Kartz: O zaman Beyaz Ateş’te, Beyaz Ateş tarafından mı seçildi? 

Nahu: Hayır... O hak etti.

Fatih: Nasıl yani?

Nahu: Bu yazıtlar Barbar Kavmi bölgesinin Güneydoğu’sunda bulunan Koz Dağı’nın altında yer alıyor. Bu dağ güçlü canavarlara ev sahipliği yaptığı için bu dağa yaklaşmak imkansız olarak görülmüştü. Bu dağ bir anomaliydi. Şeytan saldırısı sırasında oluşmaya başlayan canavarlar bu dağa yaklaştığında tuhaf bir şekilde ayrılmıyorlar ve dağı koruyorlardı. Araştırmalarımıza göre ne kadar güçlü canavar ise o kadar yukarda duruyorlardı. Sanki canavarlar bir şeyi korumak için hipnoz edilmiş gibi anormal davranıyorlardı. Beyaz Ateş bu yazıtı bulduğunda daha elementali yoktu. Öğrendiği Do sayesinde bu dağa yaklaşıp dağın eteklerindeki bir mağara yardımıyla  Dağın altına indi ve Yazıtları keşfetti. 3 yazıttan Günah Büyü Yazıtında okuduğuna göre bu elementlerin hepsinin bir iradesi olduğuydu. Bunu zaten size söylemiştim. Fakat Beyaz Ateş biraz daha farklı bir element. 

Fatih: Farklı derken.

Nahu: Biraz... Kibirli bir element diyebiliriz.

Kartz: Nasıl yani?

Nahu: Bu da bizi bildiğimiz son yazıta götürüyor. Karanlık ve Işık elementleri kendileri için iyi olacak kullanıcılarını kendi seçerken; Beyaz Ateş elementi, kullanıcıların onu kazanmasını ister. Bu son yazıtının sonunda bahsedilene göre Beyaz Ateş elementi kendini almaya gelecek insanlar için bir sınav hazırlayacak. O da...

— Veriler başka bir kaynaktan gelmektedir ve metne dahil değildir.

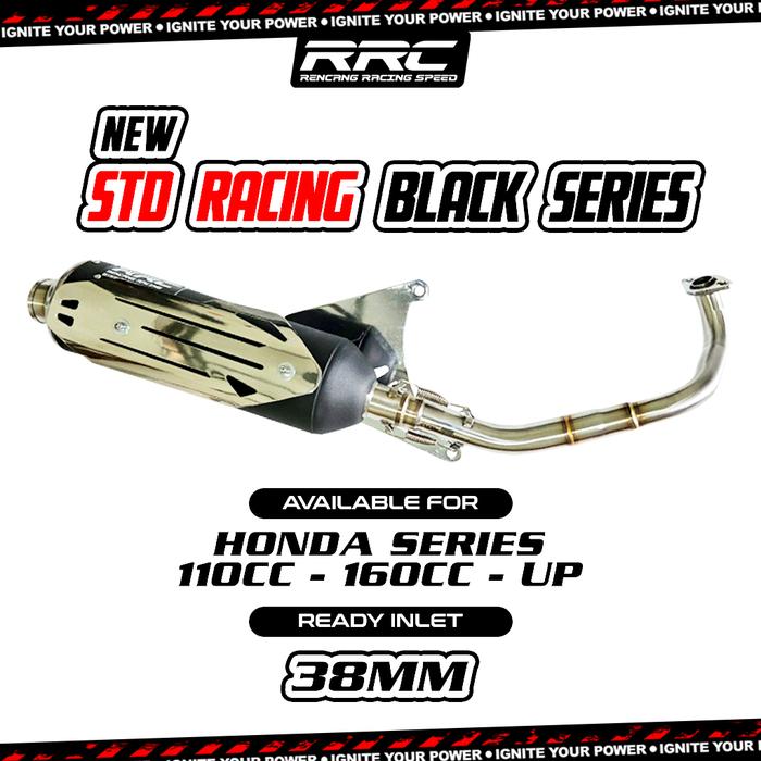 RRC RACING SPEED MUFFLER FULL PACKAGE KNALPOT STANDAR RACING BLACK SERIES VARIASI HONDA - BEAT DELUXE

Fatih ve Kartz, Nahu’nun sözünü kesti.

Fatih ve Kartz: Koz Dağındaki Canavarlar. 

Nahu güldü.

Nahu: Aynen... Beyaz Ateş elementinin iradesi canavarların zihni ile oynayacak bir mana yarattı. Kendisini o zaman ki tek alternatifi olan canavarlardan bir sınav hazırladı. Beyaz Ateş bunu okuduktan sonra Büyük Sira Olayının öncesindeki savaş için bunu kullanabileceğini düşünüp o dağa çıkmaya başladı.... Ve başardı.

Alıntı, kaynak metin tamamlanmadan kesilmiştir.